如果逗号分隔符 ( a, b, "c,d")后有空格，请注意。然后你需要改变模式。

Jshell demo

Jshell 演示

$ jshell
-> String so = "123,test,444,\"don't split, this\",more test,1";
|  Added variable so of type String with initial value "123,test,444,"don't split, this",more test,1"

-> Pattern.compile("\"[^\"]*\"|[^,]+").matcher(so).results();
|  Expression value is: java.util.stream.ReferencePipeline$Head@2038ae61
|    assigned to temporary variable  of type java.util.stream.Stream<MatchResult>

-> .map(MatchResult::group).toArray(String[]::new);
|  Expression value is: [Ljava.lang.String;@6b09bb57
|    assigned to temporary variable  of type String[]

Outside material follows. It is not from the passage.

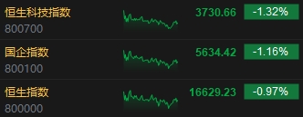12月18日消息,港股三大指數(shù)低開低走,截至收盤,恒生指數(shù)(16629.23, 0.00, 0.00%)跌0.97%,報16629.23點,恒生科技指數(shù)(3730.66, 0.00, 0.00%)跌1.32%,國企指數(shù)跌1.16%。盤面上,核心科技股普跌,美團(tuán)跌超2%,網(wǎng)易、百度跌近2%,騰訊跌近1%,阿里巴巴飄紅;汽車股齊挫,小鵬汽車遭阿里減持股價跌超6%;內(nèi)房股普跌,綠城中國(7.45, 0.00, 0.00%)跌超5%;海運(yùn)股上漲,海豐國際(13.54, 0.00, 0.00%)漲近15%;煤炭股逆勢上漲,南南資源(0.139, 0.00, 0.00%)、南戈壁(2.03, 0.00, 0.00%)漲超19%;東方甄選(32, 0.00, 0.00%)大漲近22%。

-> Arrays.stream().forEach(System.out::println);
123
test
444
"don't split, this"
more test
1

Code

代码

String so = "123,test,444,\"don't split, this\",more test,1";
Pattern.compile("\"[^\"]*\"|[^,]+")
    .matcher(so)
    .results()
    .map(MatchResult::group)
    .toArray(String[]::new);

Explanation

解释

1. Regex [^"]matches: a quote, anything but a quote, a quote.
2. Regex [^"]*matches: a quote, anything but a quote 0 (or more) times , a quote.
3. That regex needs to go first to "win", otherwise matching anything but a comma 1 or more times- that is: [^,]+- would "win".
4. results()requires Java 9 or higher.
5. It returns Stream<MatchResult>, which I map using group()call and collect to array of Strings. Parameterless toArray()call would return Object[].

1. 正则表达式[^"]匹配：报价，除报价外的任何内容，报价。
2. 正则表达式[^"]*匹配：一个引用，除了引用 0 次（或更多）次之外的任何东西，一个引用。
3. 该正则表达式需要首先“赢”，否则匹配除逗号以外的任何内容 1 次或多次- 即：[^,]+- 会“赢”。
4. results()需要 Java 9 或更高版本。
5. 它返回Stream<MatchResult>，我使用group()call 和 collect 将其映射到字符串数组。无参数toArray()调用将返回Object[].